Technical efficacy is defined by the ability of the AI model to correctly perform the task for which it was trained (level 4).31 Scientific evidence that supports technical efficacy is often in the form of retrospective studies and includes peer-reviewed information about the AI model’s data quality, development, and performance metrics, benchmarked against similar or alternatively accepted methods in the literature. For example, an automated brain tumor segmentation task may require initial published results on the Dice coefficient or Jaccard index score to demonstrate technical efficacy. Subsequently, it would be important to provide scientific evidence that performance is reproducible and generalizable across different clinical institutions, patient populations, MR imaging field strengths, and imaging vendors.25
Clinical efficacy is defined by the ability of the AI model to change patient care and health care outcomes (level 1). Therefore, this requires a higher level of evidence, often in the form of prospective and randomized clinical trials to prove that the AI-enabled tool can lead to results that are better than standard level of care. It is important to note that technical efficacy does not equate to clinical efficacy.29⇓⇓-32 For example, performance metrics such as reproducibility, sensitivity, specificity, positive and negative predictive values, and area under the curve are able to summarize AI model performance well but provide little information on how it could change patient outcome. Thus, despite impressive and exciting AI research, we continue to see relatively slow adoption of this technology to the health care setting. This is partly attributed to the paucity of scientific evidence supporting clinical efficacy.33
Bias and Error Mitigation
AI clinical errors often reflect the interplay of different types of biases introduced by the imperfect process of collecting, training, and applying data (level 2).16,34,35 Additionally AI-enabled tools can project societal and historical biases that may further exacerbate existing inequities related to sex, age, and socioeconomic differences, among others. Thus, it is important to have a systematic approach for monitoring performance variances in different patient populations.36,37 Other mechanisms that can be used to mitigate errors include ensuring data quality, as described above; verifying generalizability and reproducibility across different clinical sites (level 3); and careful consideration of epidemiological and statistical factors, such as disease prevalence, that can impact AI performance on a specific population.25,31 A major goal of this white paper is to emphasize the importance of peer-reviewed publications, including robust internal and external validation during model development and subsequent validation at other sites. Differing feature distribution among clinical sites and patient populations such as sex, ethnicity, age, socioeconomic condition, geographic distribution, disease risk factors, imaging equipment, and image quality can lead to unexpected model performance errors.
Health care is a fluid and dynamic landscape, with new and evolving clinical practice standards that will require routine re-evaluation of the performance of the AI-enabled tool. This is further compounded by the yet to be defined process of how AI models continuously learn and evolve over time with new data. Thus, defining a practical mechanism for postdeployment monitoring including incorporating an iterative feedback loop between the radiologist, AI-enabled tool, and AI company during the implementation phase will be critical for adapting to these changes and achieving long-term consistent effectiveness.11,29,30,32
Legal and Regulatory Frameworks
Policies pertaining to patient consent, data collection, and data usage will vary on a state, local, and institutional level. However, AI companies and health care systems should have standard operating procedures to maintain HIPPA compliance, patient data safety, confidentiality, and privacy (level 7).36,38,39
AI-enabled tools can be subjected to different regulatory requirements, depending on the proposed clinical setting and intended use. For example, for medically oriented AI-based tools, the FDA has 3 levels of clearance: the 510(k), premarket approval, and de novo pathways, each with its own specific criteria, which have been thoroughly explained elsewhere.40
Additionally, many other innovative and experimental AI research tools are being developed in-house under institutional internal review board approval outside the purview of government oversight.

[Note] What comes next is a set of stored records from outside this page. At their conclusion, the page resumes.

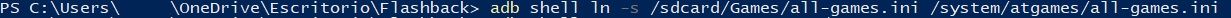 El siguiente comando crea enlace simbólico desde all-games.ini original. Copiamos el siguiente comando adb shell ln -s /sdcard/Games/all-games.ini /system/atgames/all-games.ini.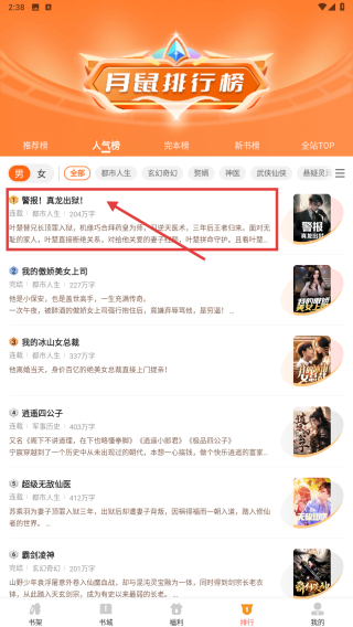 3、在人氣榜小說列表里,找到警報!真龍出獄小說條目,點擊進入小說詳情頁。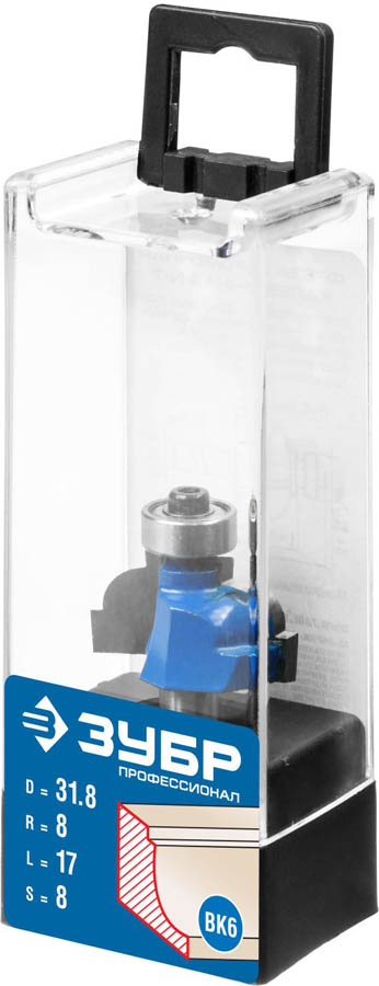 Фреза кромочная калевочная №7, D= 31,8мм, рабочая длина-17мм, радиус-8мм, хв.-8мм, d-12,7мм, ЗУБР Профессионал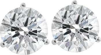This stunning womens matching pair of round cut diamonds features two genuine lab grown diamonds Excellent Cut. The diamonds are 3 prong set in solid 14k white gold and secured with 14k white gold push backs.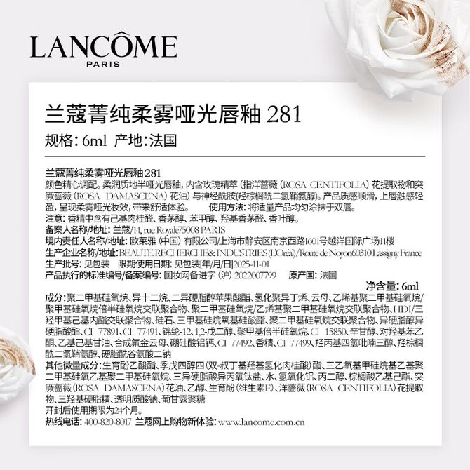 兰蔻(LANCOME)菁纯柔雾哑光唇釉、裸唇釉#281轻纱裸玫、6ml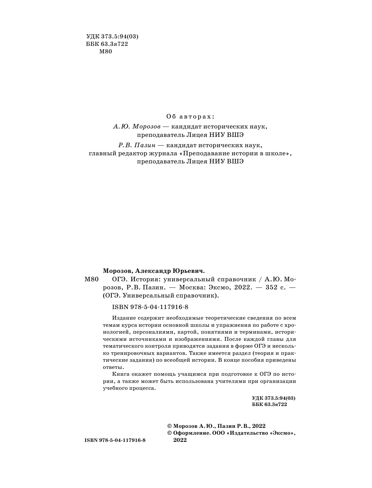 ОГЭ. История. Универсальный справочник (Морозов Александр Юрьевич; Пазин Роман Викторович); ООО "Издательство "Эксмо", 2022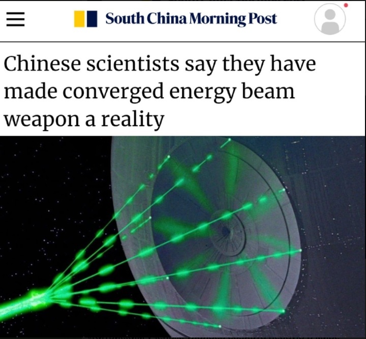 КНР заявили, что успешно испытали свою «Звезду смерти», собирающую микроволновые лучи в один мощный луч, способный уничтожить вражеские спутники. «Китайским ученым удалось создать первую в мире систему синхронизации для конвергентного сложения микроволнового излучения от нескольких источников в один мощный энергетический луч. Напоминающую «Звезду смерти» установку из восьми платформ, обладающих своим источником излучения, настроили на формирование одного луча, мощности которого хватит для подавления сигнала GPS на орбите. Таким же образом можно передавать на Землю добытую в космосе энергию».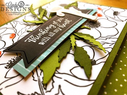 The sentiment banner is on Stampin’ Dimensionals. The black line art flowers and leaves in the background give an abstract feel to the card adding more dimension, making this an easy mail. Light Poppy Parade, Old Olive, Mossy Meadow, Pool Party, and Basic Black are the colors used today.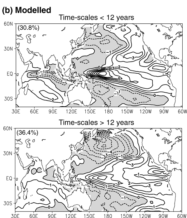 of eigenvectors for the leading EOFs of the SSTs between the ENSO time-scale (<12

Of the AI-enabled tools that have gone through FDA review, most have received FDA 510(k) clearance, which does not require safety or effectiveness data from clinical trials. Instead, the manufacturer can demonstrate that it is substantively equivalent to a predicate (another FDA-cleared or approved product). Thus, the emphasis on AI-enabled tools having more than 1 peer-reviewed publication is necessary in this white paper to encourage an independent, critical, and structured analysis of the AI-product. In contrast, substantially fewer products have gone through the FDA’s more rigorous premarket approval or, alternatively, the de novo pathway, which is designed for AI-enabled medical devices that are not deemed high risk but do not have a predicate.
Currently, any major changes to an AI-enabled tool will require resubmission for FDA approval; thus, most AI algorithms may remain “static” or “locked” after they are introduced into the market. However, periodic surveillance and refinement of AI algorithms may be needed to adapt to the evolving health care environment,41 without going through the full FDA review process again. This has prompted the FDA to consider more efficient and streamlined regulatory pathways to evaluate continuously learning AI through proposals such as the digital health precertification program and predetermined change control plan, which are currently under discussions. Unfortunately, as of now, no official process exists for major amendments to an existing AI algorithm.
The proposed hierarchy levels of evidence can be used to support an AI product’s life cycle in both the static and continuously learning environment. For continuous learning AI, there is mobility between the levels of the hierarchy. As an example, once an AI-enabled tool has established its baseline technical and clinical efficacy, modifications to the AI algorithm requiring FDA approval may allow it to move between level 7 and any other upper levels by providing additional scientific data, since the other levels have been supported by scientific evidence during its development phase.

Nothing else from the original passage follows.